Die Online-Petition gegen die geplanten Internetsperren hat die nötige Anzahl Unterschriften erreicht, um öffentlich vor dem Petitionsausschuss des Bundestags diskutiert zu werden. stern.de erklärt, was sich die Befürworter der Sperren versprechen, wie das System funktionieren soll - und warum es so scharf kritisiert wird.

Von Ralf Sander

Die öffentliche Online-Petition gegen das "Gesetz zur Bekämpfung der Kinderpornografie in Kommunikationsnetzen" hat nach vier Tagen die Zahl von 50.000 Mitzeichnern erreicht. Je mehr Unterstützer eine öffentliche Petition erhält, desto größeres Gewicht soll ihr dadurch im folgenden Verfahren verschafft werden können. Ab 50.000 Unterstützern in den ersten drei Wochen nach Veröffentlichung wird ein oder mehrere Petenten in öffentlicher Ausschusssitzung angehört. Als Petent wird der Urheber einer Petition bezeichnet.

Ziel der Petition, die auf dem Webportal des Bundestags bundestag.de veröffentlicht wurde und noch bis zum 16. Juni für Mitzeichner offen ist, ist es, die Einführung von Internetsperren zu verhindern. Ein unter Federführung von Bundesfamilienministerin Ursula von der Leyen (CDU) entstandener Gesetzentwurf liegt vor, der den Zugriff auf Internetangebote mit kinderpornografischen Inhalten verhindern soll. Das geplante Verfahren sieht vor, dass die größten deutschen Internetanbieter solche Angebote sperren auf der Basis einer Liste mit verbotenen Webseiten, die vom Bundeskriminalamt zusammengestellt wird.

Die Petentin Franziska Heine und viele andere Kritiker halten die Pläne für untauglich, Kinderpornografie zu bekämpfen, und fürchten außerdem eine Gefährdung des Grundrechts auf Informationsfreiheit.

Nach der ersten Lesung des Gesetzentwurfs am Mittwoch wurde er in die Ausschüsse überwiesen. Wie Golem.de berichtet, seien inzwischen auch Expertenanhörungen geplant. Termine stünden aber noch nicht fest.

stern.de. erläutert die Details der umstrittenen Pläne der Familienministerin und erklärt, wie die Kritiker der "Kinderpornosperren" argumentieren.

Was sieht das Gesetz zur Sperrung von Kinderpornografie vor?

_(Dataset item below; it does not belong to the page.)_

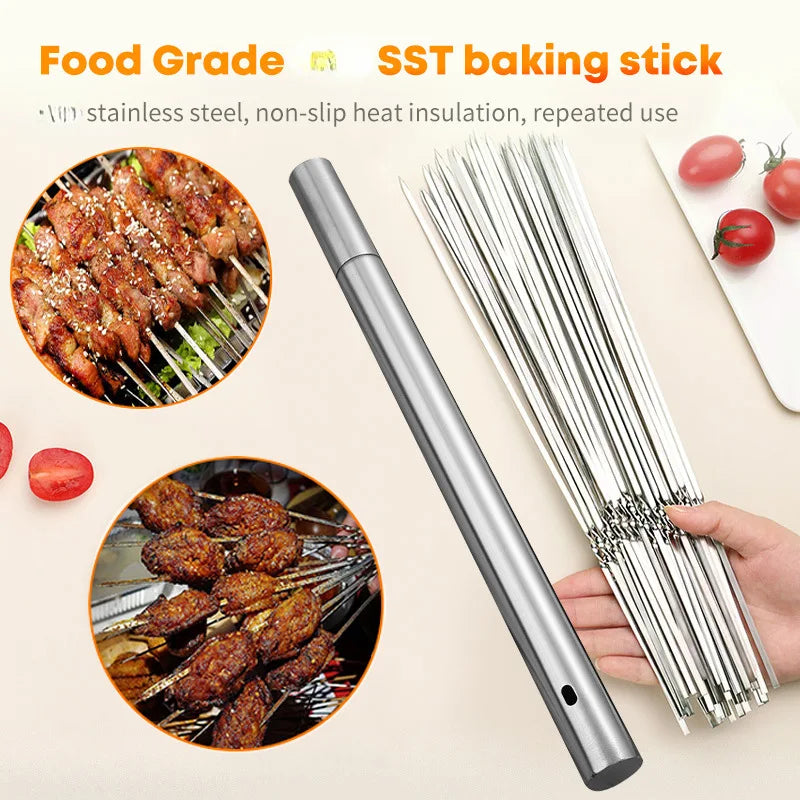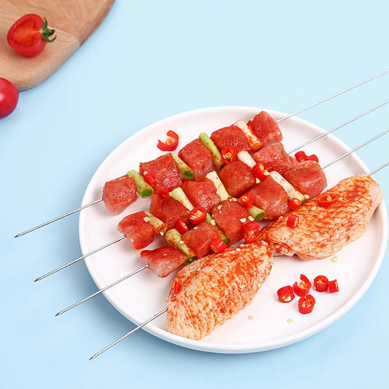 שיפודי ברביקיו איכותיים מנירוסטה, עמידים בחום ומתאימים לצלייה של שish kebab, בשר, ירקות ועוד. אידיאליים לשימוש בחוץ – קמפינג, פיקניק, מנגל ביתי וכל כלי הבישול הנלווים. קלים לניקוי ולשימוש חוזר, כלי חובה לכל חובב גריל.

Bundesfamilienministerin Ursula von der Leyen (CDU) verspricht, dass das neue Gesetz den Zugang zu Kinderporno-Seiten im Internet von Deutschland aus nahezu unmöglich machen soll. Beim Aufruf einer solchen Website soll ein Stoppschild eingeblendet werden. Ziel sei es, "den Markt der Kinderpornografie so weit wie möglich auszutrocknen", sagt Bundeswirtschaftsminister Karl-Theodor zu Guttenberg (CSU), in dessen Zuständigkeit die notwendige Änderung des Telemediengesetzes fällt.

Der Gesetzesentwurf sieht außerdem vor, dass die Provider die Daten derjenigen Nutzer an die Strafverfolgungsbehörden weiterleiten dürfen, die versucht haben, eine gesperrte Seite aufzurufen.

Wie funktioniert die Sperrung technisch?

Eine tragende Rolle bei der Sperre übernimmt das Bundeskriminalamt. Das BKA erstellt eine tagesaktuelle Liste von Kinderporno-Seiten im Netz und übermittelt sie an die Internet-Anbieter. Diese blockieren auf dieser Grundlage den Zugang zu den Webseiten. Die Provider müssen die Blockadeliste geheim halten.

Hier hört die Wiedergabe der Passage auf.